The case for prevention
AI is making a difference in preventive healthcare as well. When Satish Saha, a 40-year-old plumber in West Bengal, got his eyes examined at a free check-up camp organised by Bangalore-based Artelus, he was expecting nothing more than a diagnosis of cataract. It turned out to be diabetic retinopathy (DR) — he wasn’t even aware he was diabetic. All diabetic people are susceptible to DR, which can eventually lead to blindness.
Artelus has developed Diabetic Retinopathy Intelligent Screening System Integrated (DRISTi), an AI tool that detects DR with great accuracy in less than three minutes. “TEFLA, our core AI engine and proprietary framework, is trained to read retinal images and detect DR on par with an ophthalmologist,” says Pradeep Walia, founder and director, Artleus, which won the Qualcomm Design in India Challenge in 2018. “DRISTi is a good screening tool, given that most DR cases reach doctors too late,” says Dr Amod Nayak, regional head, clinical service at Dr Agarwal’s Eye Hospital, Bangalore.
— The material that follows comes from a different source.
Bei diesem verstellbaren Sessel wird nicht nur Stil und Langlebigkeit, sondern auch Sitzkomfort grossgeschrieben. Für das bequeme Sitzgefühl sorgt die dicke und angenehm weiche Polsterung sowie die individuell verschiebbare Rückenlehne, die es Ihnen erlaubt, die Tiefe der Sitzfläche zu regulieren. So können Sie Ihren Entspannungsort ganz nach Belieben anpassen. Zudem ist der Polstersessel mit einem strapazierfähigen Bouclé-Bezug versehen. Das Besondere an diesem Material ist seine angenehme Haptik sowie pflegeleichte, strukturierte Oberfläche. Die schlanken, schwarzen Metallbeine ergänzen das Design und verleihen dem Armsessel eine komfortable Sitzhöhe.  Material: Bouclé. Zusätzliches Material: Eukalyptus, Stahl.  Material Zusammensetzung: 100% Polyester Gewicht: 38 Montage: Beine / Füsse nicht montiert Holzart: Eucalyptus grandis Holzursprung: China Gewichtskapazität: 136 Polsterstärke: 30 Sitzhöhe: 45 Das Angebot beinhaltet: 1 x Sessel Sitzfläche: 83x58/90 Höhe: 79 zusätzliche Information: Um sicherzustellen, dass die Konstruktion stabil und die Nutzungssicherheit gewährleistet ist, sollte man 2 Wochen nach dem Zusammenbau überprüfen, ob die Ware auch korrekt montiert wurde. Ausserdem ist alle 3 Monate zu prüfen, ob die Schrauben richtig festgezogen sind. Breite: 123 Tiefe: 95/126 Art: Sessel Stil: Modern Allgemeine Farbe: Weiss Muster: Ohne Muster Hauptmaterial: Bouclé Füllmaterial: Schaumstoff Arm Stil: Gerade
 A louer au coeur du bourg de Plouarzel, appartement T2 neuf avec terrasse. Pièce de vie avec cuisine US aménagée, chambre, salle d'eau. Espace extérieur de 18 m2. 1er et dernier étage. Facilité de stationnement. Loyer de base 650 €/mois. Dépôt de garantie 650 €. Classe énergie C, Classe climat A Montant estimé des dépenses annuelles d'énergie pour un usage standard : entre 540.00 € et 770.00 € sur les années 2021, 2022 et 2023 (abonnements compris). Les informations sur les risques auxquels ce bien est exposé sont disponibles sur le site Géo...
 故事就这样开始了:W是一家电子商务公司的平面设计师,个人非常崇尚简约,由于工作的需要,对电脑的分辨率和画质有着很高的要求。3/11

Wadhwani AI, too, will soon start testing its smartphone-based anthropometry app, expected to make a huge difference to newborn health in areas where community health workers are often the only medical professionals around. “Forty eight per cent of neonatal deaths in India are linked to low birth weight (under 2.5 kilos). Despite that, most babies are either not weighed or incorrectly weighed,” says Amrita Mahale, product and strategy lead, maternal and child health at Wadhwani AI. “Using our smartphone app, health workers can shoot a short video of the baby, enabling the app to calculate the baby’s weight, length and head circumference. Focused treatment or referral to better facilities can be recommended immediately, depending on the results.”
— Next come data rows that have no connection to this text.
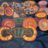 “Miền thương nhớ” sáng tác năm 2024, đưa người xem trở lại tuổi thơ của họa sĩ bên ao cá giống nơi miền quê Bắc Bộ. Trên nền xanh gợi tre làng và mặt nước lóng lánh, hình ảnh người nông dân cần mẫn nuôi cá hiện lên sống động, vừa bình dị vừa chan chứa tình cảm, gợi nhịp sống êm đềm mà đậm đà ký ức.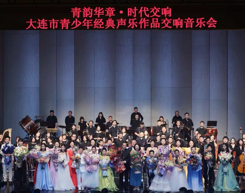 新华网沈阳8月10日电 由大连大学主办的“青韵华章·时代交响”大连市青少年经典声乐作品交响音乐会近日在大连大剧院圆满落幕。本次音乐会以“铭记历史·奋进复兴”为历史背景,在指挥家杜明的执棒下,大连城市国际交响乐团、大连大学交响乐团联袂大连优秀青少年声乐歌者为观众呈现了一场融艺术性、思想性和时代性于一体的音乐盛宴。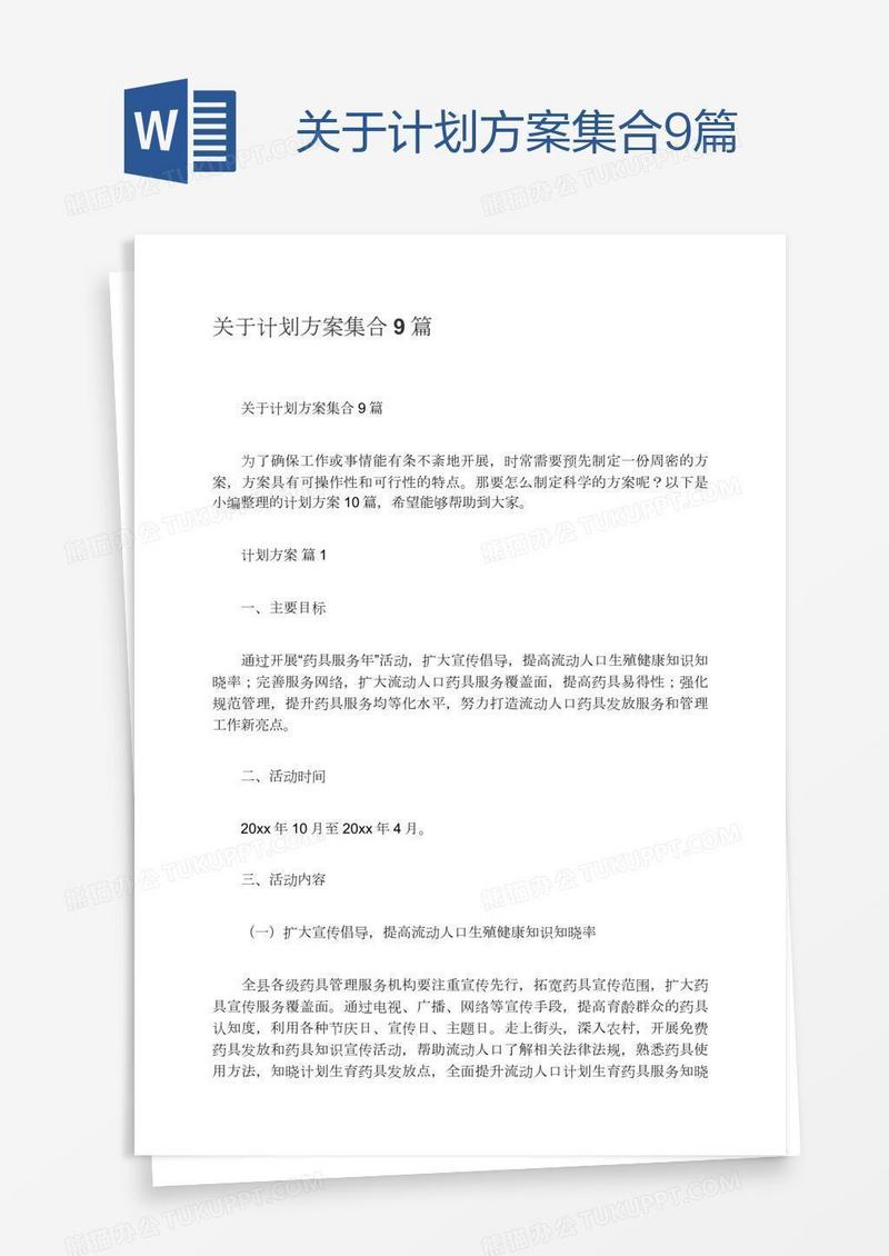 本作品为关于计划方案集合9篇, 编号:k1n2nvbm41, 格式为 docx, 大小1 MB, 本作品下载后,先解压,解压之后用推荐软件 Word(2010) 打开, 然后进行编辑功能。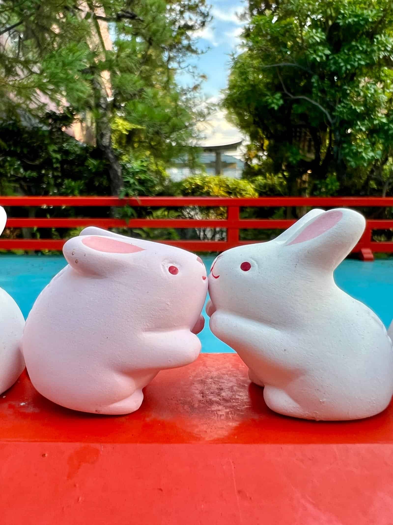À quelques minutes de là, nous visitons le sanctuaire Okazaki-jinja, connu pour ses statues de lapins, symboles de fertilité. En 2023, année du lapin, c’était la foule. Mais pas de queue cette fois.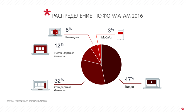 Благодаря высоким темпам роста за последний год видеореклама вышла на первое место по собираемым рекламным бюджетам среди медийных форматов. По итогам первого полугодия доля видеоформатов (in-stream + in-page) составила 47% и заняла заслуженное первое место. Позиция видео продолжит укрепляться и дальше за счет прихода новых рекламодателей из ТВ, увеличения бюджетов на этот канал и активного использования этого формата e-commerce проектами.

The first hurdle that any health-tech company faces is that of data collection. To train an AI algorithm, one requires hundreds of thousands of images, and accessing anonymous but reliable data is no mean task. “qXR was trained with nearly 2.5 million X-rays to get to the current, high level of accuracy,” says Rao. Conducting field experiments or even demo runs is a long way away as well. “We had a solution ready in 2016, but the challenge was to make people understand that diabetes could actually lead to blindness. We tested it in free camps and had doctors re-read every patient’s data to validate our findings,” says Rajarajeshwari K, co-founder and director, Artelus. Obtaining certifications is tough, too. “Different countries have different regulatory bodies, and you need to go through each of them. It’s an expensive and time-consuming process. Just an FDA approval, for instance, can cost $300,000 (Rs 2.1 crore),” says Prashant Warier, co-founder and CEO, Qure.ai.
The right talent is also hard to come by. “The number of people capable of building AI is minuscule, and bringing them to the social sector, away from lucrative corporate jobs, is a challenge,” says Anandan. He hopes more will join the field when they see that the work can change lives.